Monitor and NHS England also propose to set MRET at 70% for all providers. In this financial year, only providers that opted for the ETO receive payment at this level for activity above an agreed baseline, with those on the default tariff rollover receiving 30% of the full tariff.

‘Broadly speaking, we welcome the proposals, including the move to HRG4+ as, with the greater granularity of the currency, it will improve the accuracy of payments for the services provided,’ said HFMA director of policy and technical Paul Briddock. ‘We also welcome the expansion of the range of services covered by the tariff and the fact that an impact assessment has been carried out. It appears most providers and commissioners will not be significantly affected and that those who potentially are – mainly specialist providers – will have the impact of the tariff changes smoothed.

‘However, more crucially we are still waiting to understand the full effects of the changes in the 2016/17 tariff as we do not know yet what the cost uplift and efficiency factor are likely to be. These were the most contentious areas in last year’s tariff proposals.’

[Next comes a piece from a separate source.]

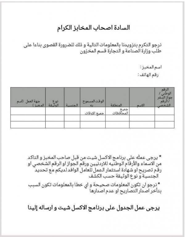المخابز تطالب ببيانات عامليها .. والحموي: احترازيا للحظر الشامل

Phillippa Hentsch, NHS Providers’ lead policy adviser for funding and resources, welcomed the move to HRG4+. While the proposed revision of MRET was positive, she insisted that while NHS demand and costs continued to grow by 4% every year hospitals should be paid the full tariff rate.

‘Monitor and NHS England’s transparent engagement on the proposals is a start, but providers need more information to have confidence that there will be a fair and appropriate tariff next year,’ she said.

‘A number of detailed decisions have yet to be made, including the efficiency requirement and the payment of specialised services, making it very difficult for providers to plan with certainty for 2016/17. This means that we would be unlikely to see a statutory consultation on the tariff until the beginning of 2016, leaving little time for contract negotiations before the start of the new financial year.’